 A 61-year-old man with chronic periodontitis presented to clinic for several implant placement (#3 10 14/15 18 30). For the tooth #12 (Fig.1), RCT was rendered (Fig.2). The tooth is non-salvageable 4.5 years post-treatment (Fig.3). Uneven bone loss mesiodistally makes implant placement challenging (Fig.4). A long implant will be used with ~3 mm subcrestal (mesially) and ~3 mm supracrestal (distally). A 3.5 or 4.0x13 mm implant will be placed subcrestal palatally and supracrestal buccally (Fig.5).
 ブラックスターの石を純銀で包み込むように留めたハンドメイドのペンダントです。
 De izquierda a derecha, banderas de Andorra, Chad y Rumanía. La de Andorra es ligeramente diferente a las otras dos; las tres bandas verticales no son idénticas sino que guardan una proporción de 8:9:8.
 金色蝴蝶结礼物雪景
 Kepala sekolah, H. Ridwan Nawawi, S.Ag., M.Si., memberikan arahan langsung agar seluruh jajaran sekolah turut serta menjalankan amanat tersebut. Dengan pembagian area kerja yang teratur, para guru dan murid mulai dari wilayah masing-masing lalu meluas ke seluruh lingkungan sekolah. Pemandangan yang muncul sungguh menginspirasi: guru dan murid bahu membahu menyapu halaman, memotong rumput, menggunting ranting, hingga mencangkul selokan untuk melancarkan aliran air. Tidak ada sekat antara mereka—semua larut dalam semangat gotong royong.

++++++++++++++++++++

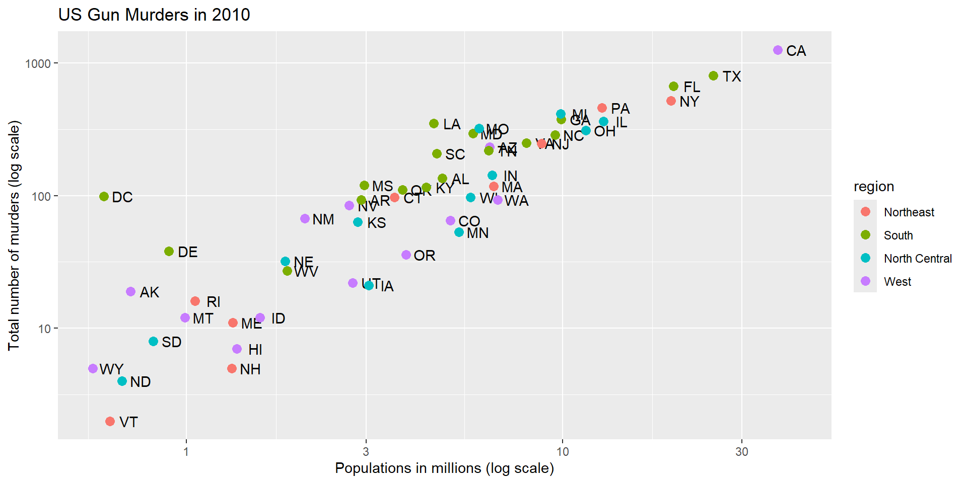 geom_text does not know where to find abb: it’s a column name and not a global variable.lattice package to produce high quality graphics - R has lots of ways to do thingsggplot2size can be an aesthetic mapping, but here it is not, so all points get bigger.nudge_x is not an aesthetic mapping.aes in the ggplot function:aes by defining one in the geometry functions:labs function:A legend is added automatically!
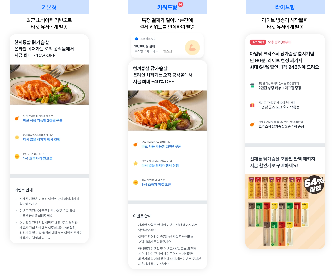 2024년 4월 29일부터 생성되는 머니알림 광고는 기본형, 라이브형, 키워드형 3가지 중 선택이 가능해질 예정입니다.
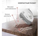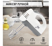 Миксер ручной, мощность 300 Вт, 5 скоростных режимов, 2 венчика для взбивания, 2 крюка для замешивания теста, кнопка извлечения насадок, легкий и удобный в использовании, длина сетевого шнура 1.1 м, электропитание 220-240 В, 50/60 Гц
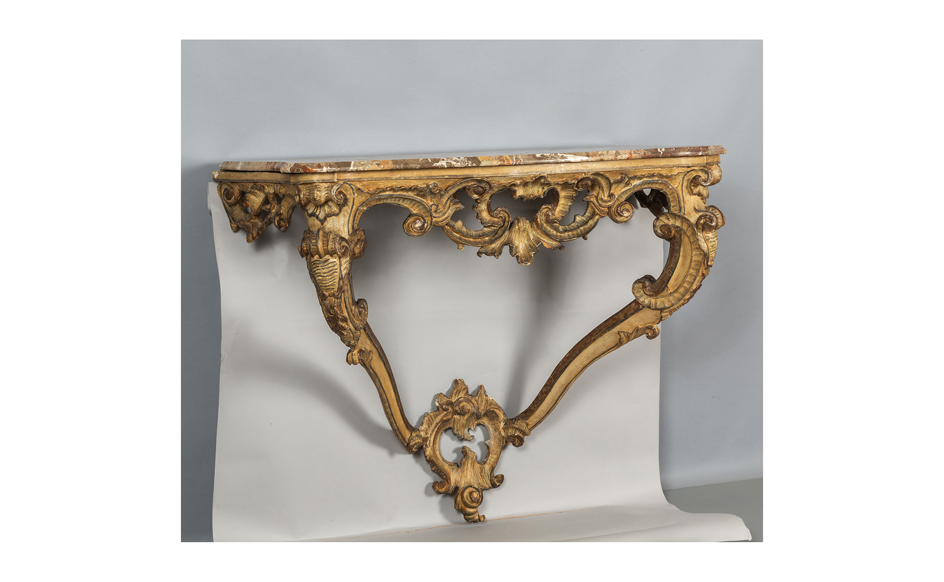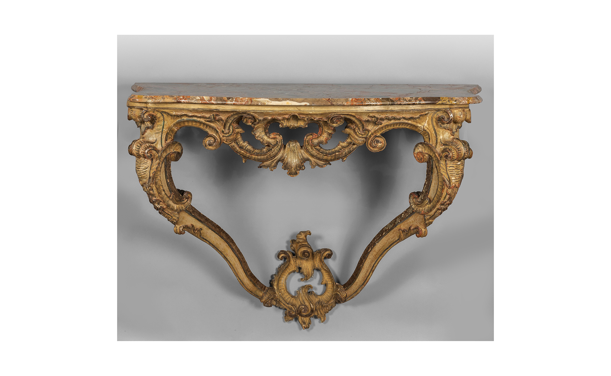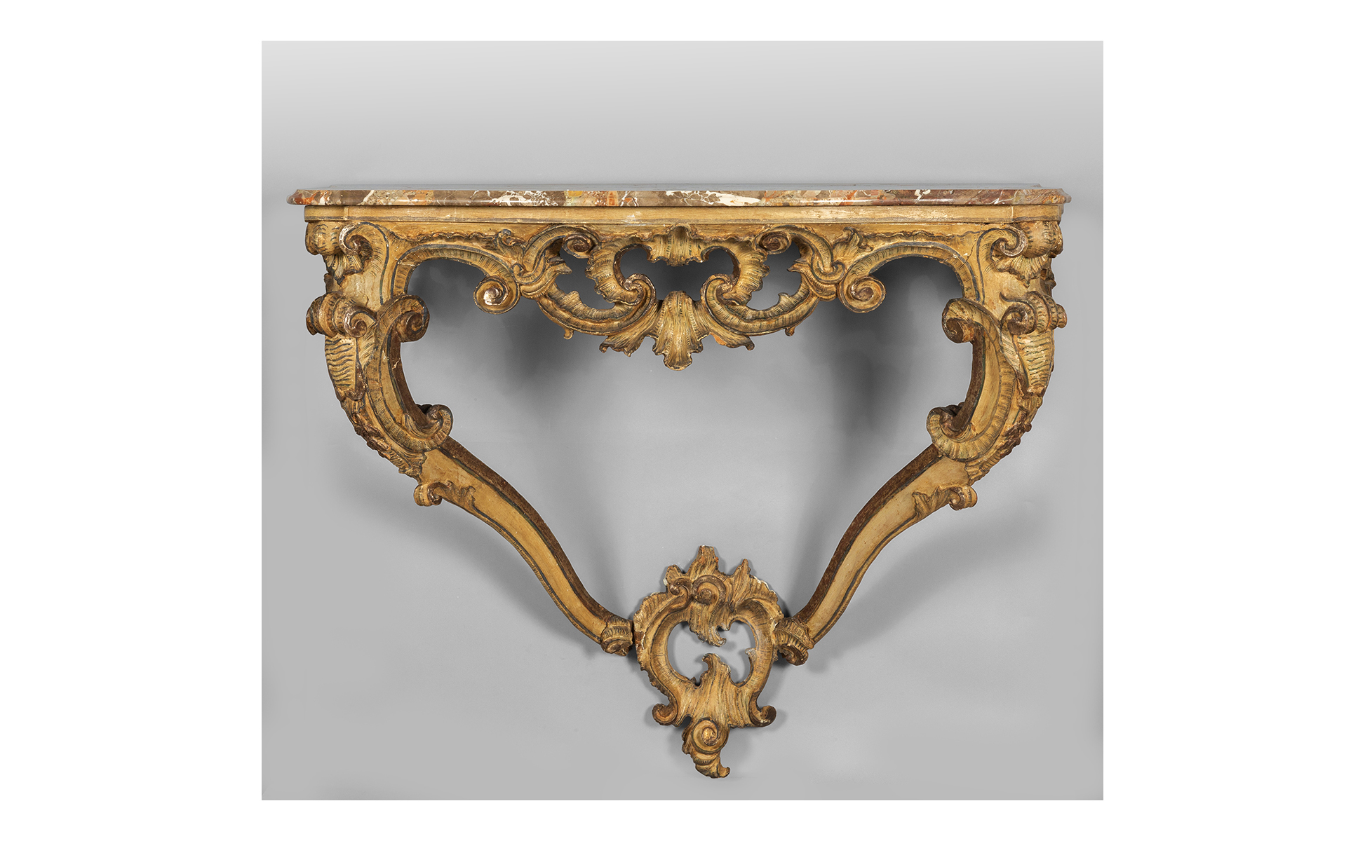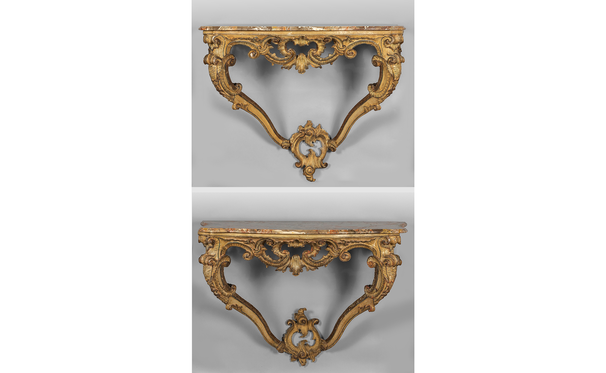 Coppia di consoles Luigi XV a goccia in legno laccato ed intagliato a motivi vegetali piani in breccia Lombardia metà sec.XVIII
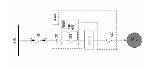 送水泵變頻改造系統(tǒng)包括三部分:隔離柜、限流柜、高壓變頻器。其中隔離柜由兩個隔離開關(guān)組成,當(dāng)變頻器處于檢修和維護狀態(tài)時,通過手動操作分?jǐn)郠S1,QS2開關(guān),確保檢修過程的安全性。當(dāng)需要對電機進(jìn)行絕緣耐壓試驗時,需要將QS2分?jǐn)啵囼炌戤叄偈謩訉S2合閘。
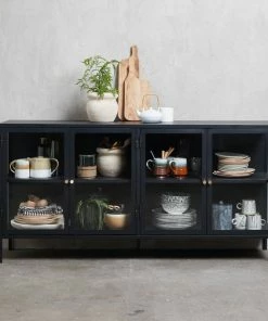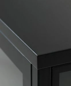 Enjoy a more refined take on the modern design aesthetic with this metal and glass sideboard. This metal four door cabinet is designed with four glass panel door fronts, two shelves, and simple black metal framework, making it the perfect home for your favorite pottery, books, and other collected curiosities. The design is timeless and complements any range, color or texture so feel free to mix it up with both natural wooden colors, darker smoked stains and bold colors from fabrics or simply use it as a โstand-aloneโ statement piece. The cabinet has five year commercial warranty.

++++++++++++++++++++

Exercise: Please set down, exactly and with no pictures, the lines in the entries above starting at the one holding "送水泵變頻改造系統(tǒng" and ending at the one holding "Enjoy a more", ends included.

Answer to this exercise:
 送水泵變頻改造系統(tǒng)包括三部分:隔離柜、限流柜、高壓變頻器。其中隔離柜由兩個隔離開關(guān)組成,當(dāng)變頻器處于檢修和維護狀態(tài)時,通過手動操作分?jǐn)郠S1,QS2開關(guān),確保檢修過程的安全性。當(dāng)需要對電機進(jìn)行絕緣耐壓試驗時,需要將QS2分?jǐn)啵囼炌戤叄偈謩訉S2合閘。
 Enjoy a more refined take on the modern design aesthetic with this metal and glass sideboard. This metal four door cabinet is designed with four glass panel door fronts, two shelves, and simple black metal framework, making it the perfect home for your favorite pottery, books, and other collected curiosities. The design is timeless and complements any range, color or texture so feel free to mix it up with both natural wooden colors, darker smoked stains and bold colors from fabrics or simply use it as a โstand-aloneโ statement piece. The cabinet has five year commercial warranty.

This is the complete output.